Bernie Sanders brought his campaign message of wage inequality and health care overhauls to Minnesota's Iron Range Friday, but also used time to address the region's struggling mining industry and Native American communities.

The Vermont Senator, an independent running as a Democratic candidate for president, spoke to a crowd that filled the auditorium at Hibbing High School.

The Pioneer Press called it "customized" for the audience, with Sanders speaking about unions, jobs and minimum wage laws.

Sanders meets with steelworkers, Native American leaders

Before the speech at Hibbing High School, Sanders met with two groups:

First, about a dozen Chippewa leaders, where they discussed topics including the often dire economic situation on reservations, poor access to health care services, and drug abuse, according to the Washington Post pool reporter at the event.

The Hibbing Daily Tribune reports Sanders then met with a group of local United Steelworkers. They discussed international trade deals (such as NAFTA and the Trans-Pacific Partnership, both of which Sanders says he is against), and how it's impacting Minnesota mine workers, the pool report says.

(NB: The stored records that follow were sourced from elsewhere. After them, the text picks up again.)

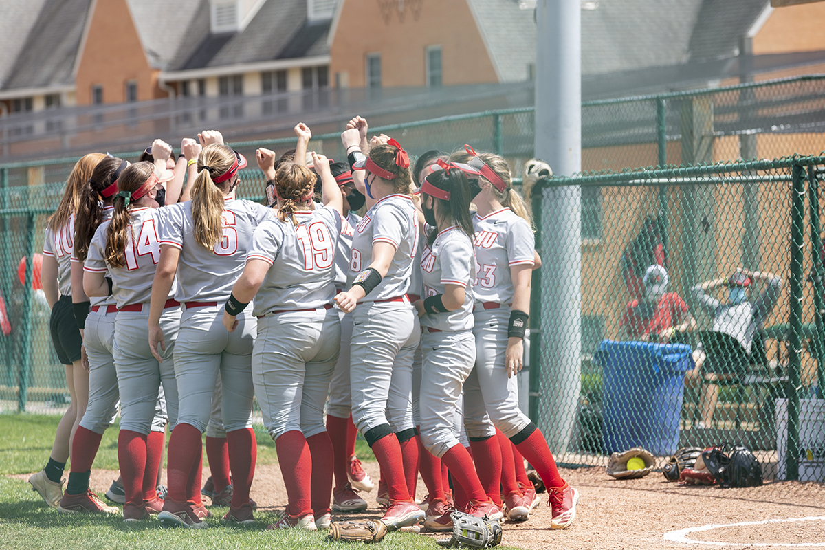The Washington University Bears softball team huddles to cheer during a game May 1 at the Athletic Complex softball field. WashU defeated the Coe College Kohawks 7-5. (Photo: Jerry Naunheim Jr./Washington University)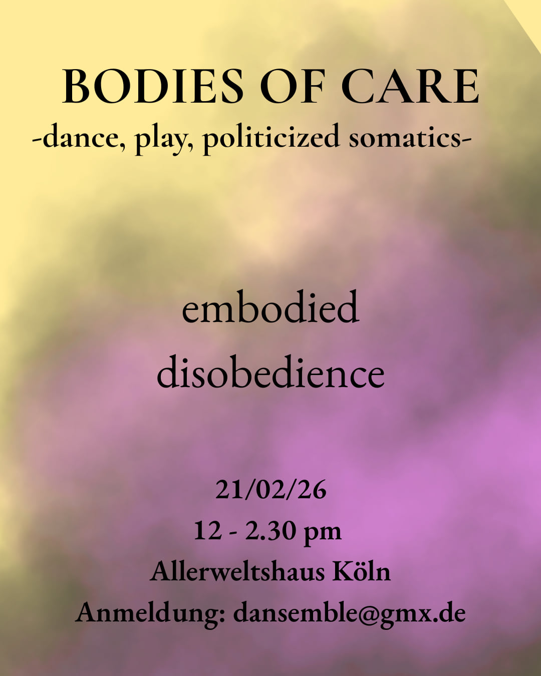 Verkörperter Ungehorsam bewegt sich entgegen dieser vermeintlichen Normalität. Dies ist eine Einladung gemeinsam zu erforschen, wie wir damit anfangen können.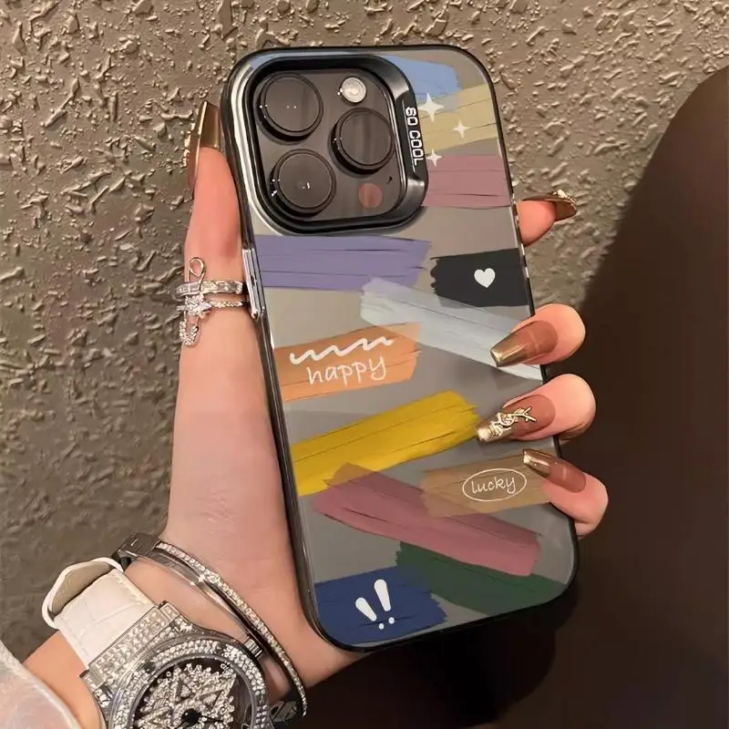 Comprar Funda de teléfono acrílica con diseño de Graffiti colorido para iPhone 13Mini 14 Pro 15 Plus 16 ProMax, carcasa protectora de pantalla a prueba de golpes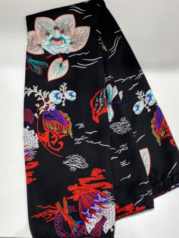 Pañuelo de seda grande, negro con flores 410

While on stage, he wore a Local 1938 jacket they gave him, which you can see here.

Minnesota's Iron Range has been hit by nearly 2,000 layoffs, as steel prices worldwide have plummeted.

Countries such as China and India have been accused of producing cheap steel, then selling it for a very low price. Some of it has ended up in the U.S. – meaning there’s less of a demand for steel made by companies here in the states. (The New York Times explored the problem in-depth in this article.)

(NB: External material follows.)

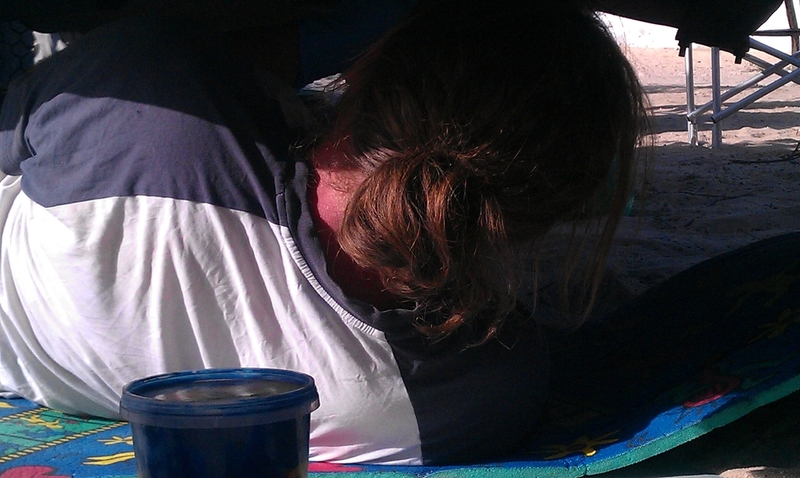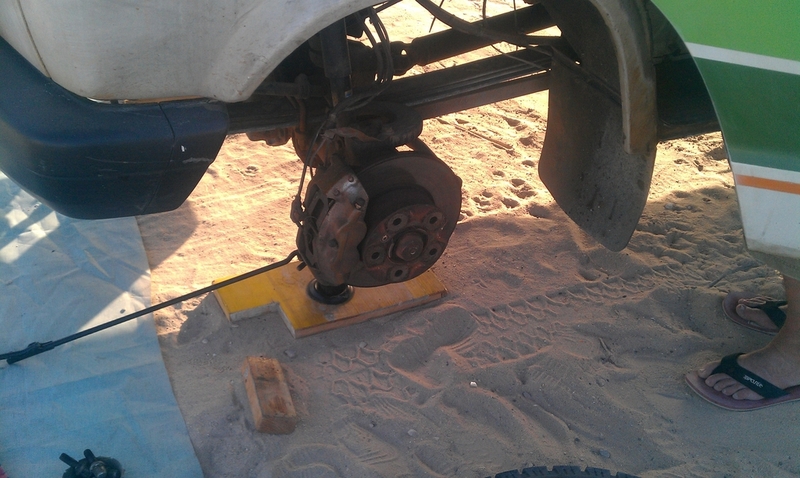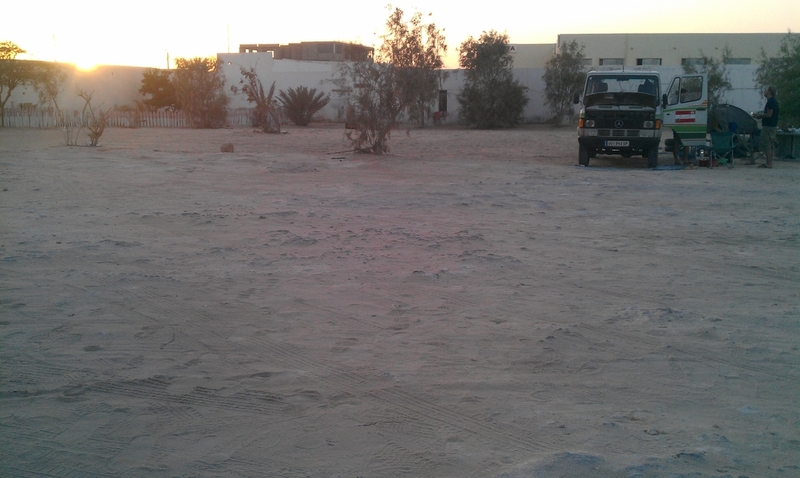 Um Viertel vor 12 wachte ich auf. Abda, der Chef des Campingplatzes Abba, kam vorbei und begrüßte uns herzlich. Lummi servierte bestes Baguette zum Frühstück und legte sich kurz danach unter den mittlerweile aufgebockten Bus, um nach dem Geräusch zu suchen. Es war schnell gefunden: Das Kreuzgelenk am Verteilergetriebe. Wenn das bricht, dreht die Welle frei und ist am Sack. Und da es eine Spezialanfertigung ist, wie eigentlich der ganze Bus, ist die verbaute Welle wahrscheinlich die einzige in ganz Afrika. Fuck!

Earlier this week, President Barack Obama said he's preparing to sign a bill that will allow officials to take more aggressive action against the action (often referred to as "dumping.")

Sanders' focus on Minnesota

Sanders will be competing for a share of Minnesota's 77 Democratic delegates up for grabs during next Tuesday's caucuses – though Hillary Clinton will be trying to do the same. Candidates need a total of 2,382 delegates to be the official Democratic party nominee.

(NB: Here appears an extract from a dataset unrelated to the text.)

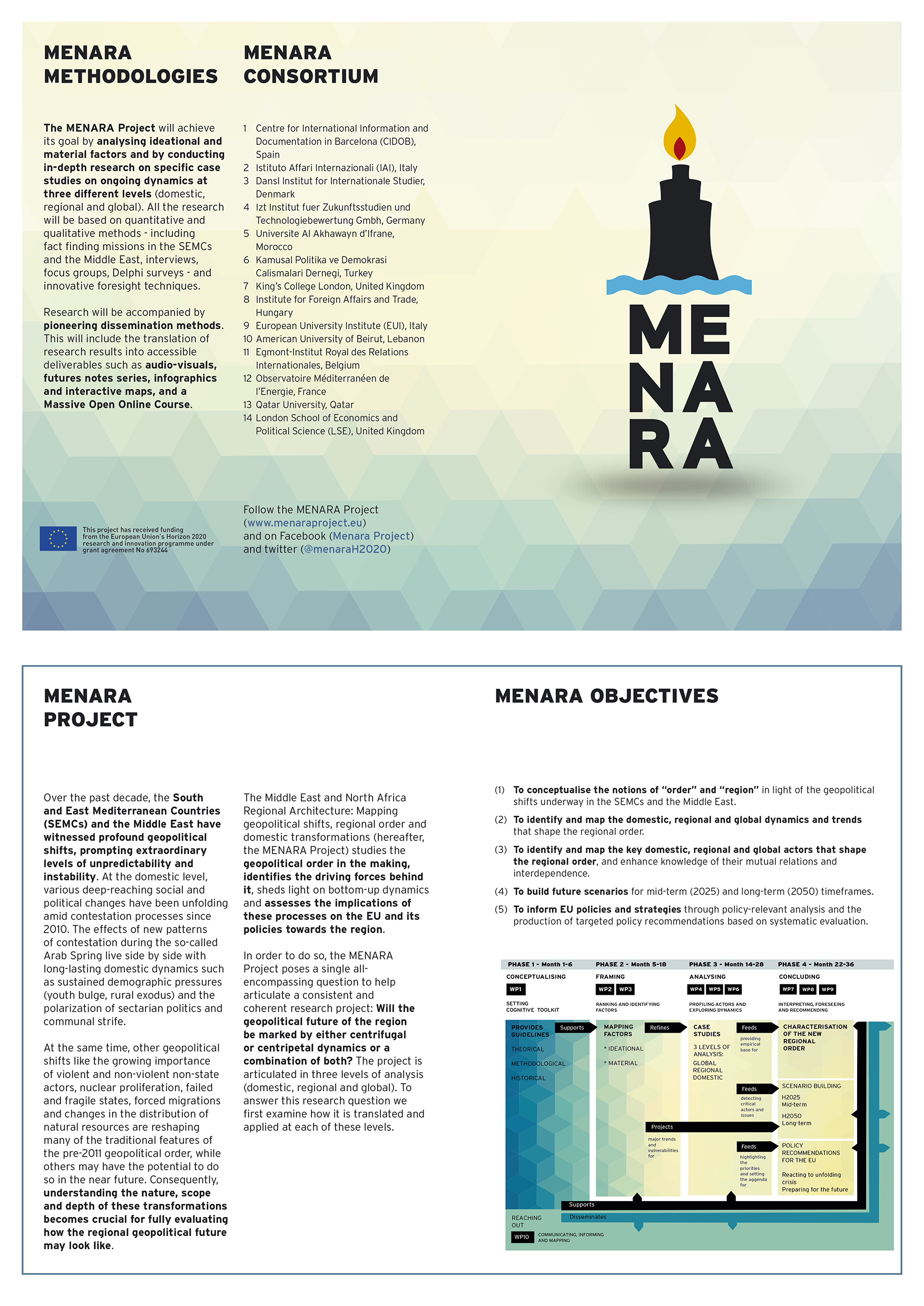 During the whole duration of the project communication has been fundamental pillar of this collective endeavour. MENARA reached out to different audiences, thus bridging the gap between policy, research and practice. The dissemination activities have been fully integrated in the research activities. The projects website has been constantly updated. Every two months, MENARA has sent a newsletter to more than 13.000 subscribers summarizing all the research activities and events conducted by the researchers within the project. Also, the research activities have been disseminated through the social media, Twitter (@MenaraH2020) and Facebook (Menara2020). The researchers also delivered informed comments to several media outlet in Europe and the MENA region and have written Op-ed for the MENARA blog on the Huffington Post Maghreb.

The Sanders campaign has targeted Minnesota, viewing it as a state the self-described Democratic socialist can do well in – Politico dug into the thinking earlier this month. Both he and Clinton are also running ads in the state right now, urging Minnesotans to caucus for them.

And Sanders is continuing his North Star State push – he'll be in Rochester Saturday for a rally, the campaign announced. It'll be at the Exhibit Hall at Mayo Civic Center, and address many of the major themes Sanders frequently discusses (including big money in politics, free and affordable college, and more).

Doors open at 5:30 p.m. and the event is free – but RSVPs are suggested, as it's first come first serve.